__ACTION ITEM__. Your answer must be a word-for-word copy of the listing, with all pictures excluded.

__SUPPLIED INFORMATION__.
-*-*-

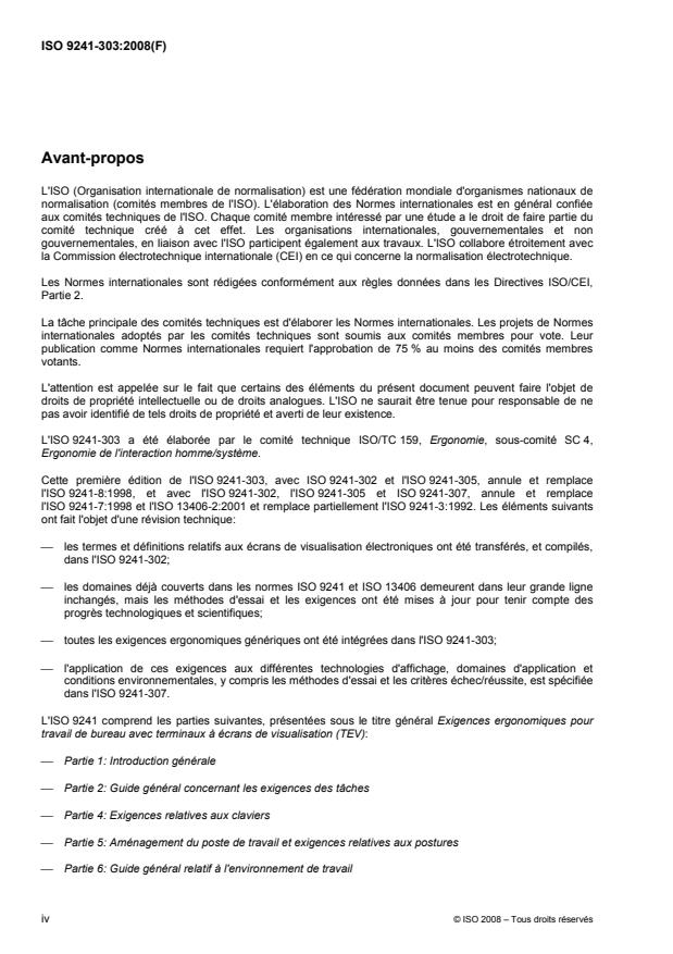 L'ISO 9241-303:2008 établit des exigences de qualité d'image, et donne des lignes directrices, pour les écrans de visualisation électroniques. Ces exigences et lignes directrices sont génériques — elles sont indépendantes de la technologie, de la tâche et de l'environnement. Elles sont énoncées sous forme de spécifications et de recommandations de performance pour garantir des conditions de visualisation efficaces et confortables aux utilisateurs disposant d'une vision normale ou ajustée de manière à être normale. L'ISO 9241-303:2008 n'aborde pas les questions d'accessibilité des personnes handicapées, mais tient compte des considérations liées à la vue des personnes âgées, et peut être utile pour les personnes qui, dans certains cas, présentent une insuffisance visuelle: la spécification des caractéristiques essentielles de la vision normale peut être utilisée pour évaluer la gravité de différentes anomalies visuelles, afin de pouvoir identifier des solutions appropriées.
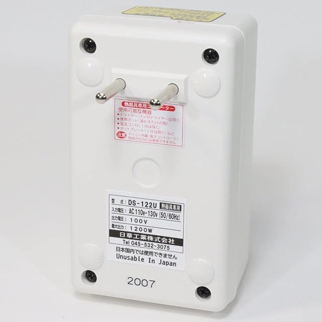 日章工業 変圧器 海外 旅行用 熱器具専用 AC110V~AC130V(50/60Hz)→AC100V 1200W DS-122U ホワイト系
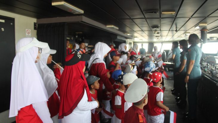 Jakarta, PUBLIKASI – Keberadaan Kapal Perang yang merupakan simbol eksistensi TNI Angkatan Laut menjadi salah satu tujuan wisata edukasi yang mampu menarik minat generasi muda terutama bagi para pelajar sekolah di semua strata pendidikan. Kali ini, Komando Lintas Laut Militer menerima kunjungan dari para pelajar Yayasan Islam Nafats Audhi Raudhatul Athfal Senyum Muslim Cikarang guna melihat dan mengenal langsung salah satu kapal perang Kolinlamil yakni KRI Banda Aceh-593 yang saat ini tengah sandar di dermaga Mako Kolinlamil, Tanjung Priok, Jakarta Utara, Rabu (9/8).

-*-*-

__PROBLEM SOLUTION__.
 L'ISO 9241-303:2008 établit des exigences de qualité d'image, et donne des lignes directrices, pour les écrans de visualisation électroniques. Ces exigences et lignes directrices sont génériques — elles sont indépendantes de la technologie, de la tâche et de l'environnement. Elles sont énoncées sous forme de spécifications et de recommandations de performance pour garantir des conditions de visualisation efficaces et confortables aux utilisateurs disposant d'une vision normale ou ajustée de manière à être normale. L'ISO 9241-303:2008 n'aborde pas les questions d'accessibilité des personnes handicapées, mais tient compte des considérations liées à la vue des personnes âgées, et peut être utile pour les personnes qui, dans certains cas, présentent une insuffisance visuelle: la spécification des caractéristiques essentielles de la vision normale peut être utilisée pour évaluer la gravité de différentes anomalies visuelles, afin de pouvoir identifier des solutions appropriées.
 日章工業 変圧器 海外 旅行用 熱器具専用 AC110V~AC130V(50/60Hz)→AC100V 1200W DS-122U ホワイト系
 Jakarta, PUBLIKASI – Keberadaan Kapal Perang yang merupakan simbol eksistensi TNI Angkatan Laut menjadi salah satu tujuan wisata edukasi yang mampu menarik minat generasi muda terutama bagi para pelajar sekolah di semua strata pendidikan. Kali ini, Komando Lintas Laut Militer menerima kunjungan dari para pelajar Yayasan Islam Nafats Audhi Raudhatul Athfal Senyum Muslim Cikarang guna melihat dan mengenal langsung salah satu kapal perang Kolinlamil yakni KRI Banda Aceh-593 yang saat ini tengah sandar di dermaga Mako Kolinlamil, Tanjung Priok, Jakarta Utara, Rabu (9/8).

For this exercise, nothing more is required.